While none of us possess a crystal ball, it is uncanny how accurate some of these forecasts have been over the years.

Today, we speak to James Longley, Managing Director of Utility Bidder.

This year is set to be a landmark year for many reasons within the energy sector. The onset of Brexit in the United Kingdom, the start of a crawl towards sustainability targets and more savings needing to be made than ever before.

As we enter 2020, it seems tempting just to treat it like any other year. A majority of SMEs will cautiously set out goals and aims for the year and budgets will be set as usual. However, for those that are not aware, sustainability and energy efficiency should be the standout aims for the year.

You may not be aware, but targets have been set by the government of being carbon neutral by 2050. This may seem far into the future, after all, 30 years is a long time, but it is those that start to make the changes now that will reap the most benefits.

The two things I would argue businesses in the East Midlands could start easily with are:

Conducting an energy audit – This is a relatively simple step most companies can set up for themselves. Simply taking a detailed look and review of energy efficiency can make all the difference. It can identify where excesses are being spent, where improvements might be able to be quickly actioned and also gives you an idea of whether you are paying too much for your energy.

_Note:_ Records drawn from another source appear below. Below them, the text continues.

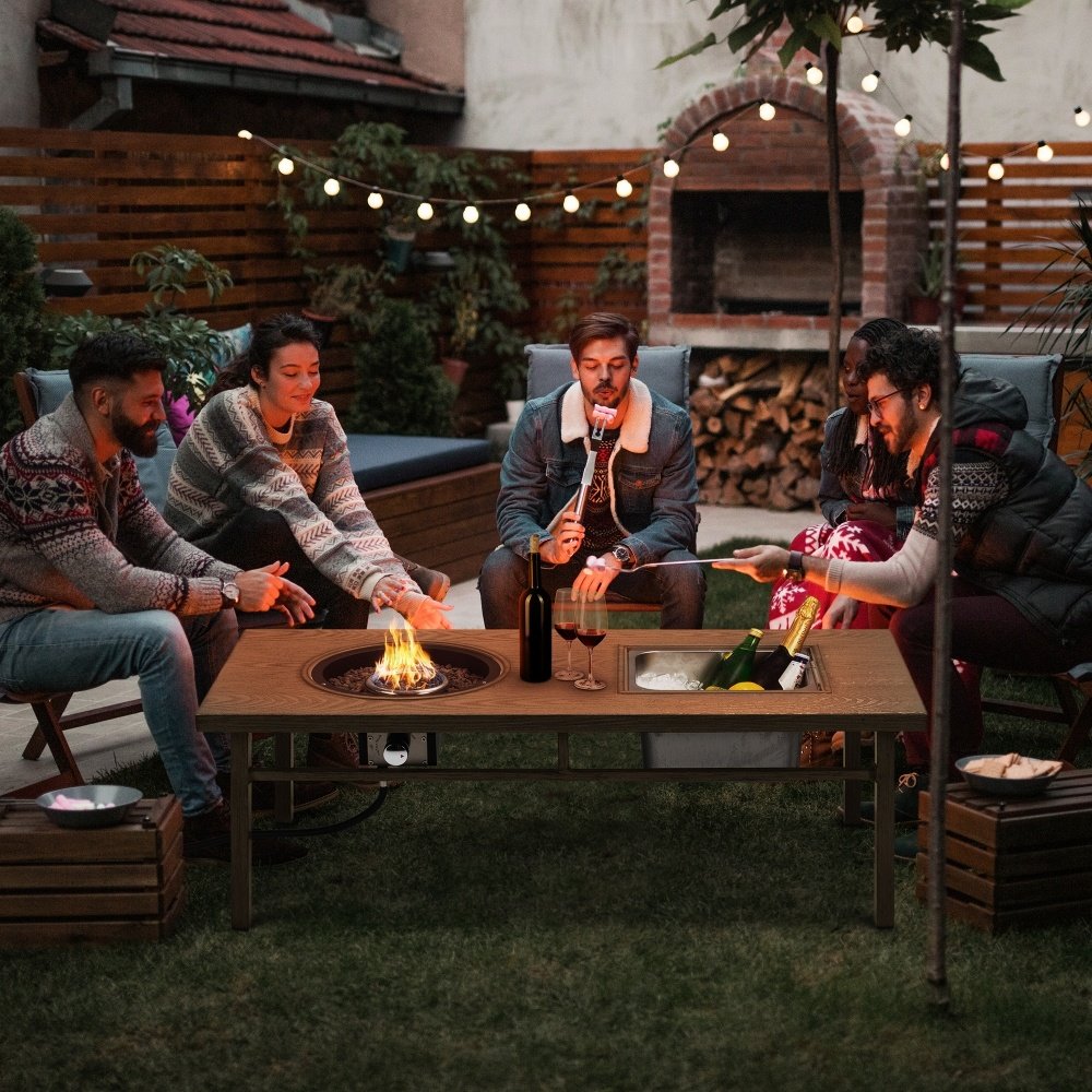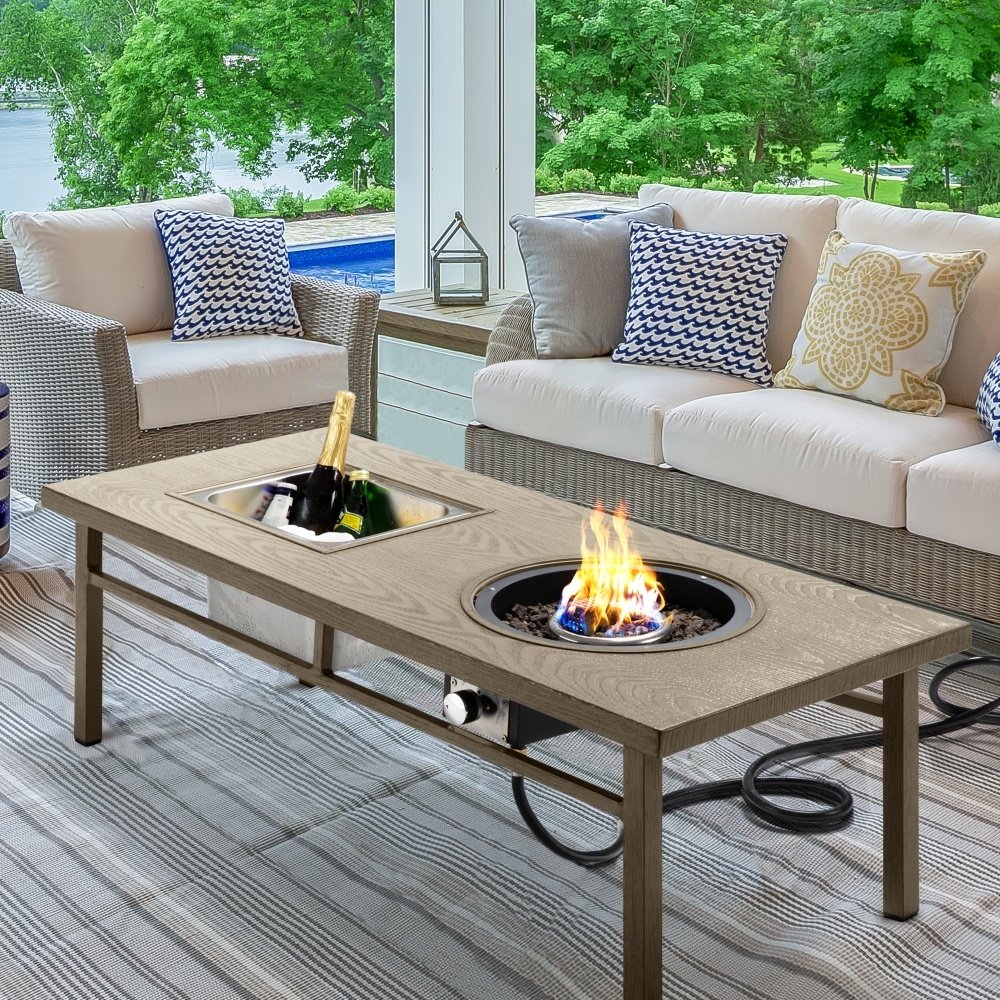 Product Material:Crafted from 304 stainless steel, our ice bucket boasts double walls and a lid, keeping your drinks chilled for a longer time. Its sleek silver finish not only adds a touch of elegance but also ensures easy cleaning. Our coffee table boasts a robust aluminum frame, ensuring long-lasting reliability. We've replaced the fragile glass and rattan tabletop with an aluminum panel, making it safer and easier to clean than other materials.Product Design:Our CSA-certified gas fire pit table provides a clean and smokeless burn. The piezo ignition ensures easy control, and the included volcanic rocks help retain warmth longer while adding a classic rustic atmosphere. A practical fire pit table for warm gatherings, a refreshing ice bucket table for chilled beverages, and a stylish coffee table for cherished moments. Elevate your outdoor experience with this space-saving design.
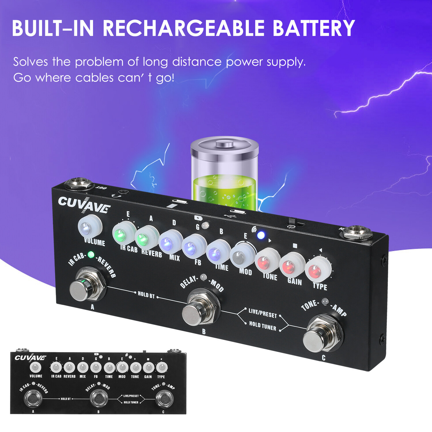 [Multifunctional Effect Pedal] Contained 9 classic IR, 2 modulation effects(chorus, phase shift), 1 tape delay, 1 reverb effect, 8 classic IR box models and a tuner.
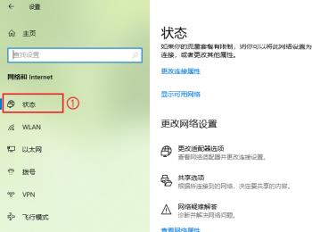 4. 在打开的网络和Internet设置页面,点击左侧的【状态】选项,然后在右侧,找到【网络和共享中心】的快捷链接,点击。
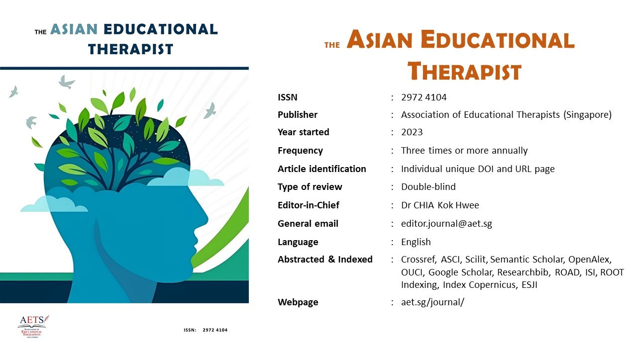 The Asian Educational Therapist publishes double-anonymised peer-reviewed, articles in an open access format. The Journal is an international, peer-reviewed journal dedicated to advancing the science, practice, and professional development of educational therapy and allied intervention disciplines.
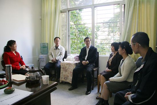 11月4日,学校党委书记邝邦洪在潘自勉副校长的陪同下,深入图书馆进行调研,并与图书馆新班子成员座谈,勉励图书馆新班子成员要围绕学校的办学定位,开拓创新,致力把图书馆办成学习型、服务型、创新型的图书馆。在调研中,邝书记充分肯定图书馆三年多的发展变化,特别是在本科教学评估中发挥了重要的作用。
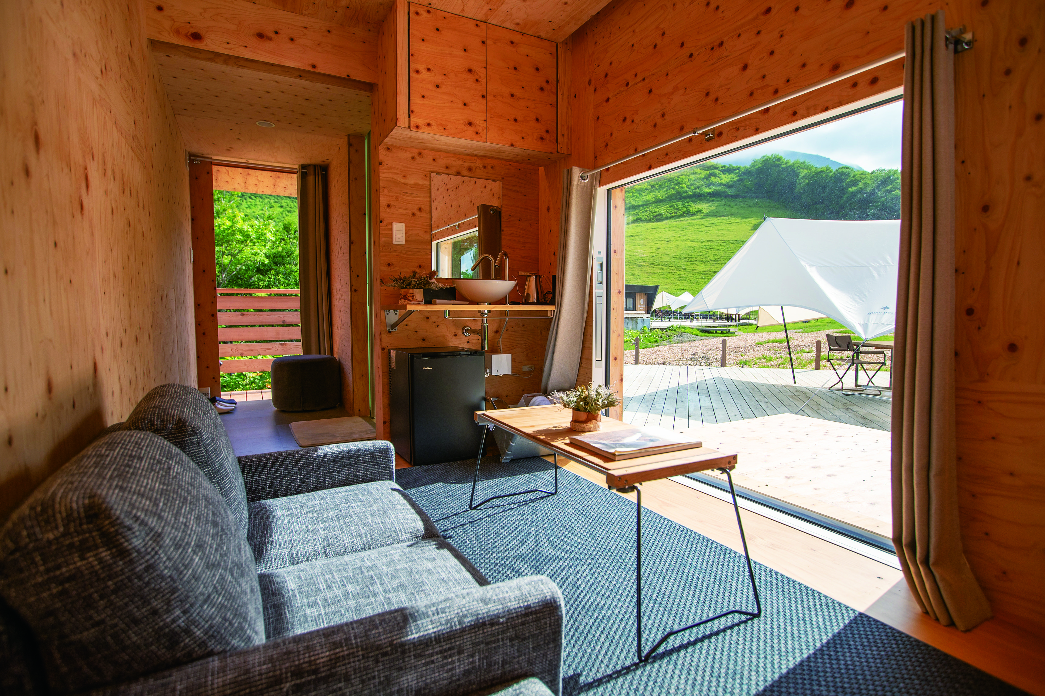 高山中的奢华露营场地。图片来源: Snow Peak FIELD SUITE HAKUBA KITAONE KOGEN
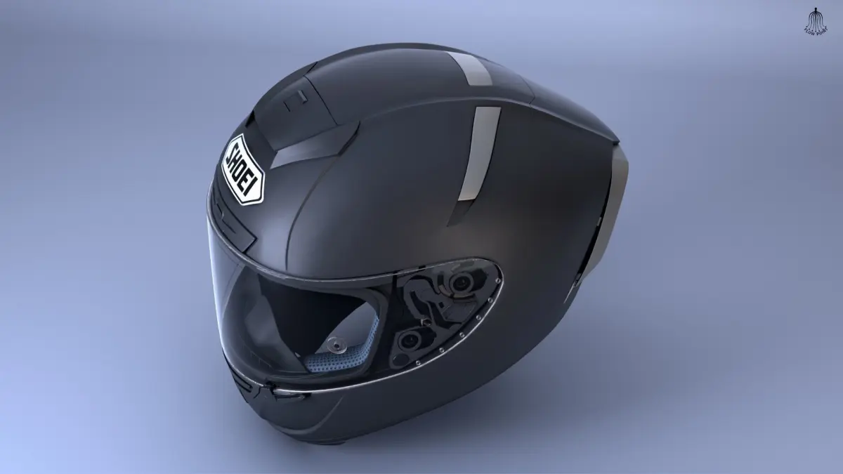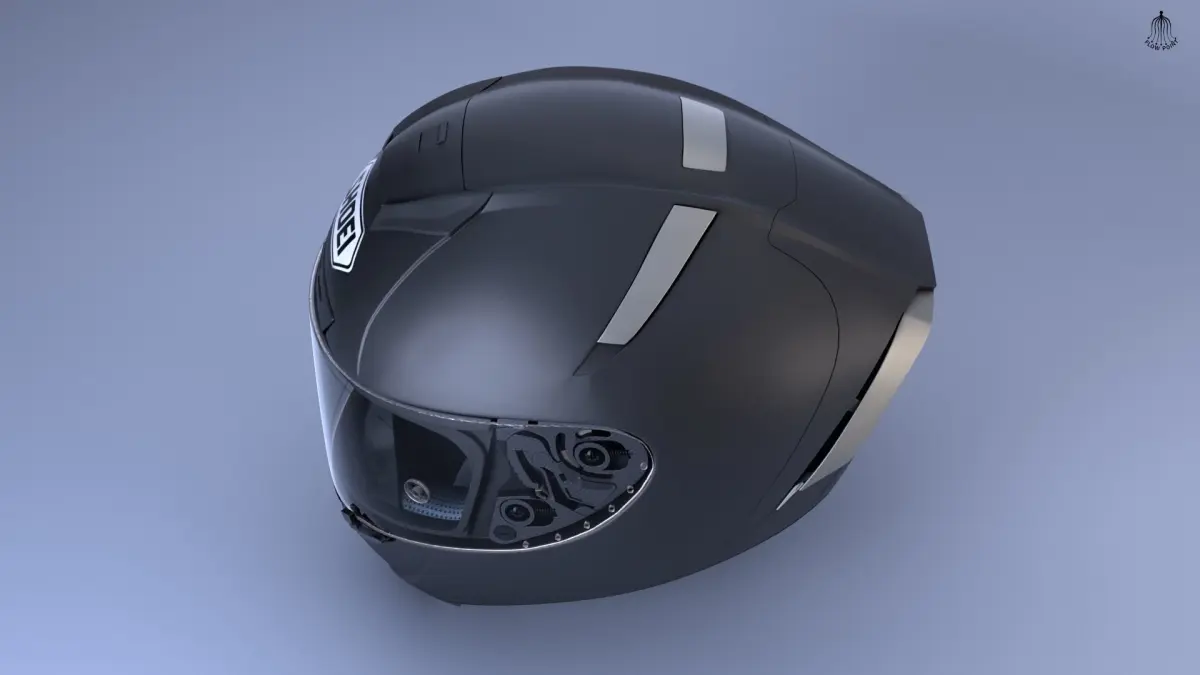 ShoeiX-14 height quality sport helmet 3D model with high detail, and realism both exterior and interior. All objects are arranged and named in an orderly manner. Bonus Free rigging for the open front windshield.
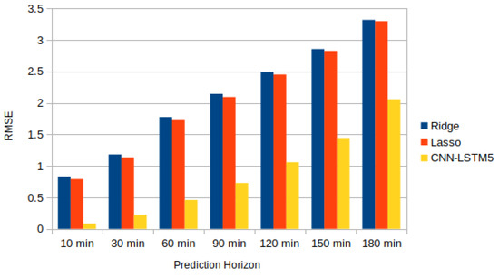 Furthermore, we compare competitive benchmarks with the proposed model, the results are shown in Table 4. The forecasting horizons range from 10-min ahead to 180-min ahead. As it is expected, when the horizon prediction increases the RMSE also does it in a linear way (Figure 13).
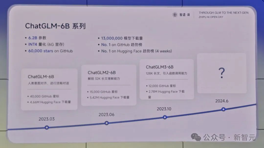 GPT-4发布的同一天,团队首次开源了ChatGLM-6B模型,随后6月开源了二代6B模型,并首次引入GQA、FlashAttention技术,将模型上下文扩充到32K,并加速了生成速度。
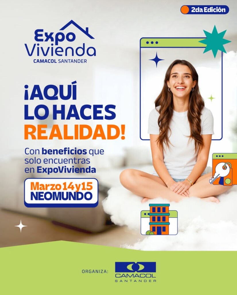 El próximo sábado 14 y domingo 15 de marzo en el centro de convenciones de Neomundo, Bucaramanga se reunirán las empresas edificadoras para presentar una gran variedad de ofertas inmobilarias y lanzamientos recientes. De igual manera, se contará con la presencia de entidades y aliados estratégicos que facilitarán el acceso a oportunidades de financiación de vivienda.

Setting up an energy efficiency team – On top of any changes businesses make to their energy policies or any advantages they can find from an audit, having a bought-in group within your business can help encourage culture change when it comes to energy. A monthly, informal meeting to discuss and set targets can really foster a sense of collective responsibility.

If you at least start here, who knows where your sustainability journey could take you this year?

It is sometimes baffling that businesses do not address issues like this earlier. In regard to the 2050 targets, many individual regions are bypassing this 30-year wait and are addressing their carbon footprint aims earlier. For example, the Greater Manchester region’s Mayor, Andy Burnham, has even announced that the region will be aiming for more than a decade earlier in 2038. This is mainly being achieved through encouragement of behaviour change amongst residents but will be a great tool to motivate SMEs and larger companies in the area to take action too.

The biggest hurdle we often have to overcome is apathy and mindset. Unless SMEs take this issue of carbon neutrality seriously, then the fight to make it happen is difficult before it even begins. Once major players get involved, it should be a relatively easy win, but until then we simply do not know.

Add to this the uncertainty on the energy industry as we approach Brexit and you have more than reason enough to sit up and take notice of what could be a very interesting year indeed.